Читаем Я всегда был идеалистом… полностью

Короче говоря, я сделал такой доклад, показывая на большом историческом материале истоки развития идей необходимости в истории, истоки представления о естественно-историческом процессе… Кстати, наверно, тогда впервые для меня возникла проблематика естественного и искусственного, и я ее по-своему решал. Не в понятиях естественного и искусственного – потому что даже если подобные проблемы и встречались, скажем, в работах, которые я тогда читал или даже детальнейшим образом штудировал, они все равно не ложились на мой уровень понимания и не проступали как логические, категориальные проблемы естественного и искусственного. Мое мышление развертывалось в материале – сугубо в материале. С одной стороны, в материале истории, в материале общественно-экономических формаций, а с другой – на материале опять-таки исторических идей, идей исторической необходимости, причинной обусловленности, детерминированности исторического процесса и т. д.

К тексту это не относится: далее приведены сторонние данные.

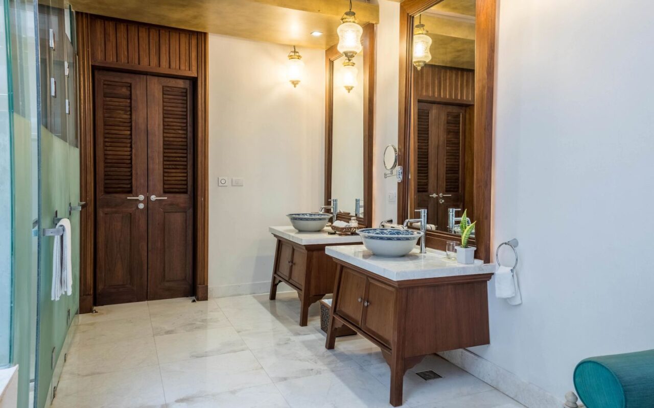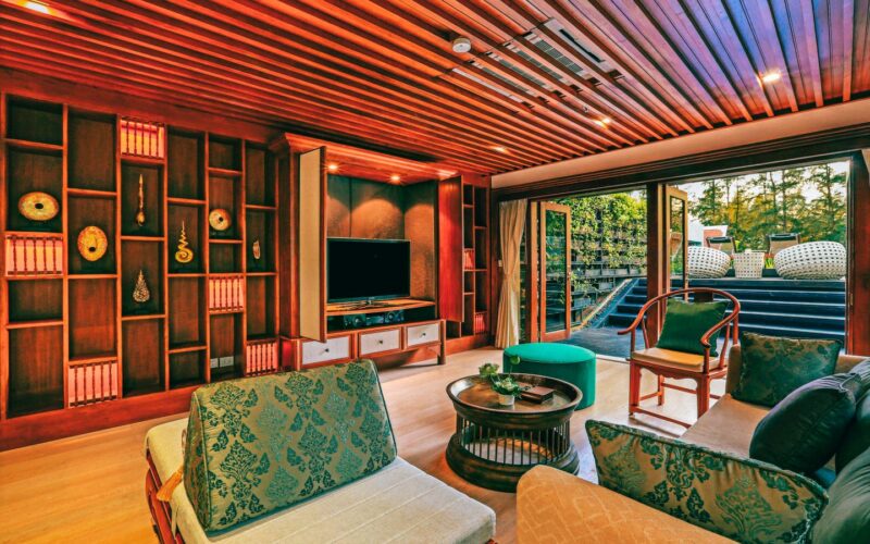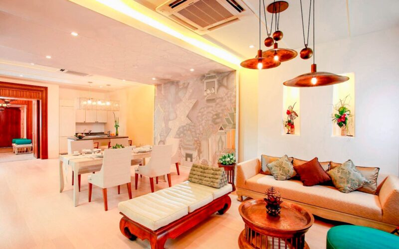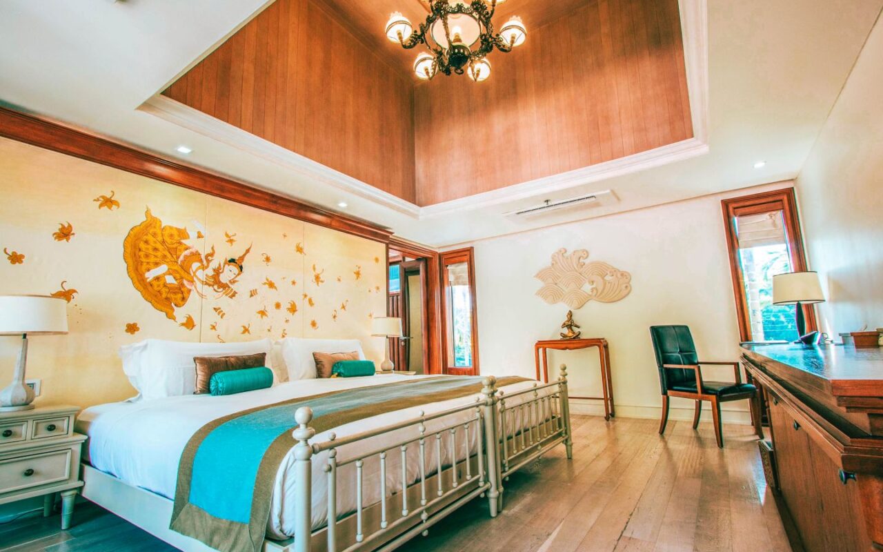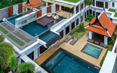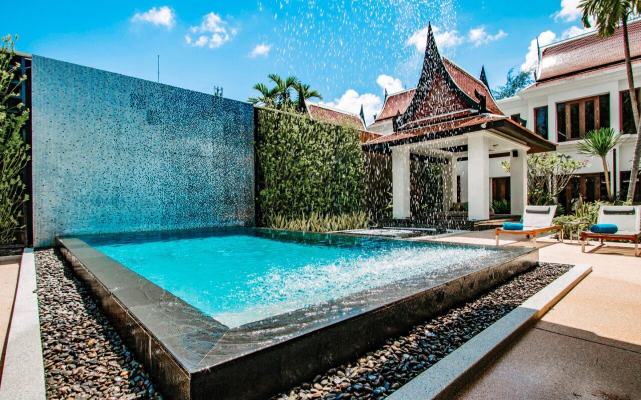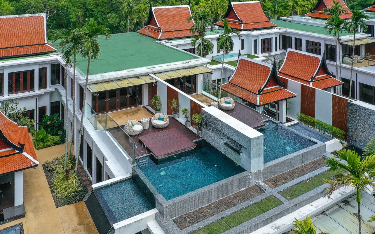 Exquisite Thai and Continental furnishings include fine Thai silk and hand-painted walls. The grand marble staircase to the second floor leads you to a separate living room, separate kitchen/bar, a rooftop sun terrace, a third saltwater pool. The sunset from the deck beside the cascading waterfall pool is dramatic, romantic and mesmerising.

Я писал в тот период две курсовые работы: одну – о происхождении феодализма в Древнем Китае, а другую – о происхождении феодализма в Киевской Руси. Меня очень интересовали сам этот процесс и его анализ на сопоставлении этих двух материалов. Ну а работа о необходимости в истории была таким идеологическим, или как бы предельным, представлением всего проработанного материала.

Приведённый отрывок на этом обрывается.